Give back exactly the stretch of data below from the line holding "कर्णाली प्रदेशको इन्चार्जमा" through the line holding "4인치 양각 꽃 베이스", both ends included, and leave the remaining lines out.

> Records to process:
*****

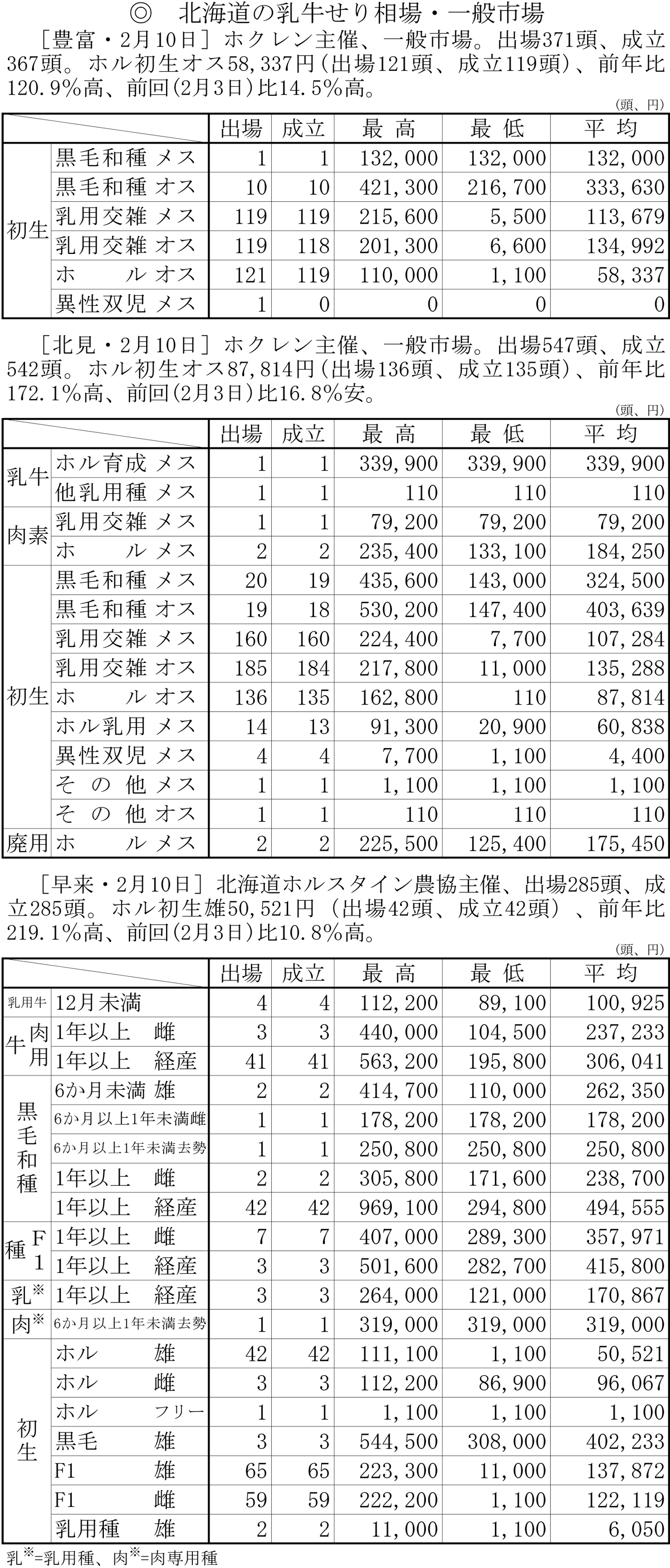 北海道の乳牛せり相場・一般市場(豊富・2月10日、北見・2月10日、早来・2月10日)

*****

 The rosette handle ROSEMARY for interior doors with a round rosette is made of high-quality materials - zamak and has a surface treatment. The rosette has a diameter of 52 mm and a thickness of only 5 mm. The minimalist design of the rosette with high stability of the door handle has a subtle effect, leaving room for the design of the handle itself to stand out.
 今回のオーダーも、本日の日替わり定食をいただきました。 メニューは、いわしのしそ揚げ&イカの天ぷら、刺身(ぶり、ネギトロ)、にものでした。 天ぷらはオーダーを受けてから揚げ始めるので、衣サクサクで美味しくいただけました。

*****

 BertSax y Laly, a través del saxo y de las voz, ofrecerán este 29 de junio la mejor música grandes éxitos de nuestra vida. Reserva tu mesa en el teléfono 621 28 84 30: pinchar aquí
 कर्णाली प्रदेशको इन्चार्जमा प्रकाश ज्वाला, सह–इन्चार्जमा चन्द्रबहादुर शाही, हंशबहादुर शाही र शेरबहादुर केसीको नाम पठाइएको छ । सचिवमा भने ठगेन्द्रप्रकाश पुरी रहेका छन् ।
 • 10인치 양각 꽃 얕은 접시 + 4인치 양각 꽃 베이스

*****

> Solution below:
 कर्णाली प्रदेशको इन्चार्जमा प्रकाश ज्वाला, सह–इन्चार्जमा चन्द्रबहादुर शाही, हंशबहादुर शाही र शेरबहादुर केसीको नाम पठाइएको छ । सचिवमा भने ठगेन्द्रप्रकाश पुरी रहेका छन् ।
 • 10인치 양각 꽃 얕은 접시 + 4인치 양각 꽃 베이스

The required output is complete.